I plugged in the monstrous Lithium Ion battery that i purchased for it, and the camera, surpisingly, booted up ready and willing.
I chased Luke and dogs around the garden and now i have a half hour’s footage sitting on the recorder waiting to be sucked off a firewire cable.
My question is: what video editing software should I use? Long ago I used Windows Movie Maker. When I just checked, I see the last update of it was August 2004. That doesn’t sound very inspiring, so I’m wondering if there is something else someone could recommend. I don’t want anything very complicated, just simple editing is all I require.
I tried to use my monopod as a poor man’s steadicam, but it was too light to nicely balance the video camera. I’ll dig out my heavier tripod and try that next, before I start trying to custom fabricate a weighted pole to use as one.

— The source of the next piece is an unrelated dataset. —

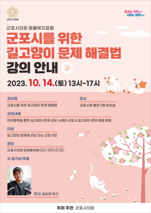 시의회는 오는 14일 오후 1시부터 군포시청 별관 2층 회의실에서 ‘군포시를 위한 길고양이 문제 해결법’이라는 주제의 강의를 진행한다.

For as appalling as home movies are, I can see that problems are making nice pans and tracking. The zoom/wide switch on this camera is too fast by a factor of at least 10. It moves so briskly that it would only be appropriate for a movie scene where the terrorist is instantly identified in a sea of 100,000 football fans. I need to see if I can slow that factor down. The other trick I tried was not talking. No way to quicker dumbify a video than have me chattering.
update: I realized I do have Movie Maker already installed on my PC. Since the only advice I received was to use iMovie on a Macintosh I don’t own, I figured I might as well try Movie Maker. It worked well enough for my needs. It didn’t crash like I remember the old version doing. Now I am recharging my batteries and thinking about what miniature movies I can make.